In your copy of the data, include no pictures and alter nothing else.

** DATA BELOW **
··········

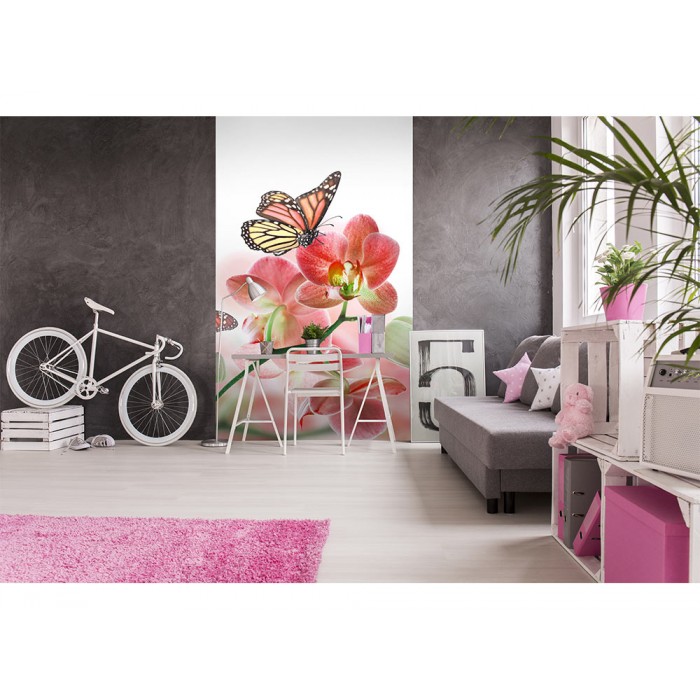 MS-2-0146 Fototapetă vlies pentru perete Fluturi și orhidee - 150 x 250 cm
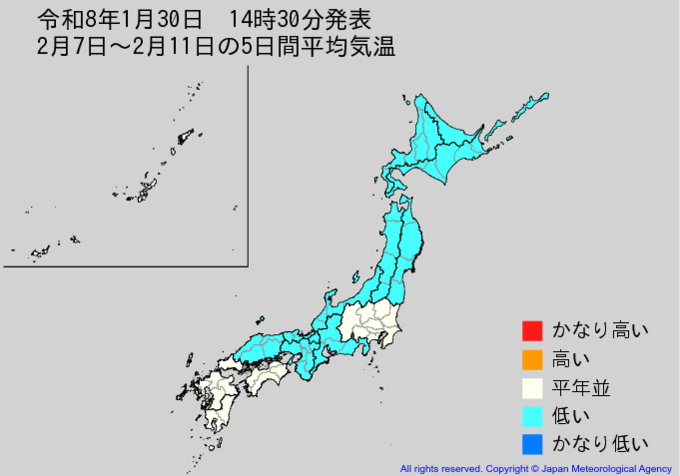 【2週間気温予報】東北地方、東日本、近畿地方、中国地方と九州北部地方の気温は向こう3日間程度は平年並か低い予報 その後2月6日頃までは高くかなり高い所も 全国の天気を地方ごとに 気象庁 2026年1月30日(金) 15:38 国内 ■2月7日~2月11日の5日間平均気温(画像) ・8日先から12日先まで5日間平均した日平均気温を表示しています。 ・かなり高い(かなり低い)は、かなり高い(かなり低い)気温となる確率が30%以上のときに表示します。
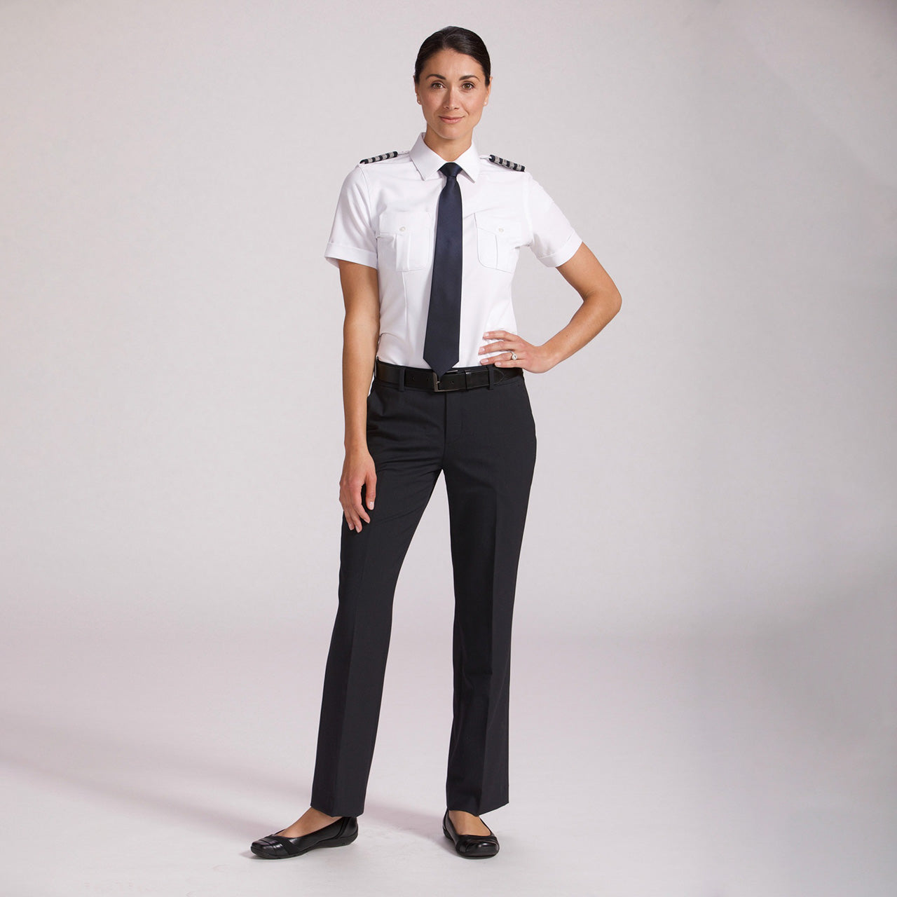 All women’s pilot shirts are made with stretch fabrics for a better fit without sacrificing comfort.

··········

** RESPONSE **
 MS-2-0146 Fototapetă vlies pentru perete Fluturi și orhidee - 150 x 250 cm
 【2週間気温予報】東北地方、東日本、近畿地方、中国地方と九州北部地方の気温は向こう3日間程度は平年並か低い予報 その後2月6日頃までは高くかなり高い所も 全国の天気を地方ごとに 気象庁 2026年1月30日(金) 15:38 国内 ■2月7日~2月11日の5日間平均気温(画像) ・8日先から12日先まで5日間平均した日平均気温を表示しています。 ・かなり高い(かなり低い)は、かなり高い(かなり低い)気温となる確率が30%以上のときに表示します。
 All women’s pilot shirts are made with stretch fabrics for a better fit without sacrificing comfort.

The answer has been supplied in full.